Margaret Cavendish was an exceptional case of a female philosopher and intellectual in the 17th century, an era when women were still considered inferior and incapable of philosophical and scientific reasoning. Although she never had a systematic scientific or classical education, she managed to obtain adequate scientific knowledge to articulate a personal naturalistic theory opposed to the popular and robust Cartesian dualism and to write one of the first science fiction novels.
The Early Life of Margaret Cavendish
Margaret Cavendish (1623-73) grew up during the English Civil War and at the beginnings of the Enlightenment, a very turbulent and exciting period of European history. Charles I of England had been on the throne of England since 1625; an arrogant and conservative king who couldn’t get along with landowners, the class that had been starting to gain power and wealth since the Renaissance.
As a fanatic Catholic, Charles had abolished the Protestantism established over a century before by Henry VIII, a cruel king known for his brutality and numerous women. Charles not only returned to Catholicism, but he also married a Catholic French noblewoman named Henrietta Maria. However, he did not do well as a ruler. He was arrogant and indifferent, if not aggressive, towards Parliamentary decisions, believing that “democracy is the power of equal votes for unequal minds.” As Parliament consisted mainly of noble landowners who had just begun to perceive their power, the King lost their financial support in 1629, when he dissolved the parliament.

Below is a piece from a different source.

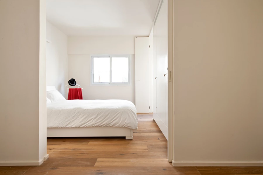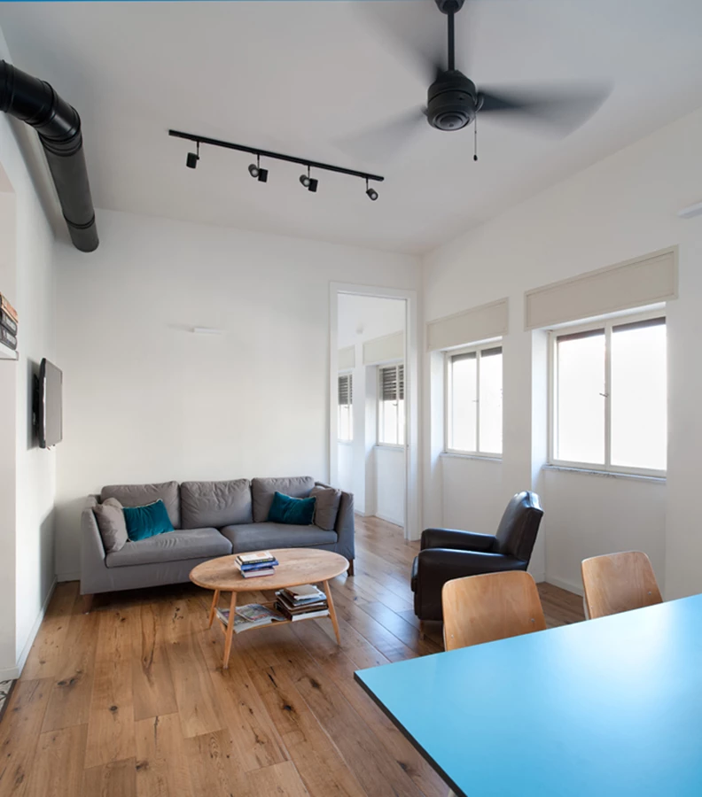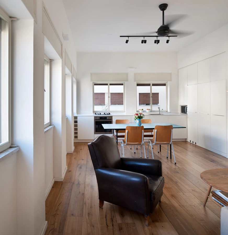 דירה השוכנת בבניין לשימור מתקופת "הבאוהאוס" שעבר גם הוא שיפוץ חיצוני תחת חוקי שימור מחמירים. בעלי הדירה ביקשו למקסם את הפוטנציאל של החלל כך שיהפוך את הדירה אטרקטיבית להשכרה עבור משפחה צעירה. הדרישה העיקרית היתה להגדיל את מספר החדרים בדירה מ-2 ל-3.
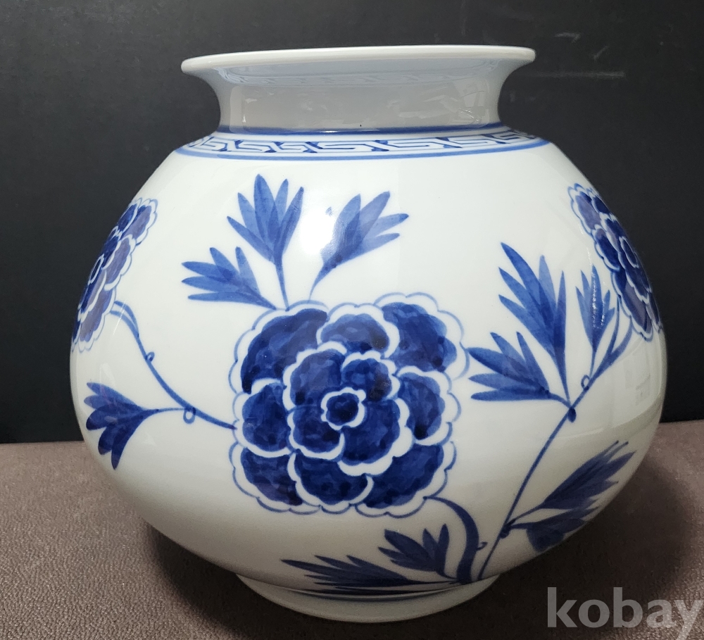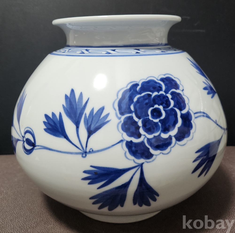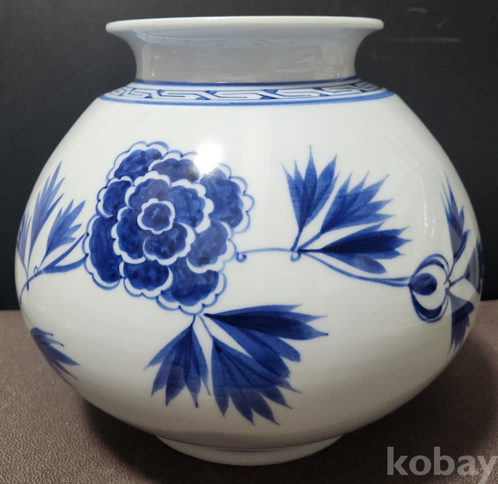 < 도예 명장 > 창목 昶沐 오석경 吳碩京 백자청화모란문호 白磁靑華牡丹紋壺

The country could not survive without the contributions of the nobles. The English people went hungry for more than ten years, and Charles, not wanting to be deprived of his luxuries, was obliged to reconvene the Parliament in 1640. The new Parliament was openly hostile to the King, and the Scots insisted on its adopting Protestantism. This culminated in the first English Civil War of 1642, fought between the Parliamentarians and the Royalists.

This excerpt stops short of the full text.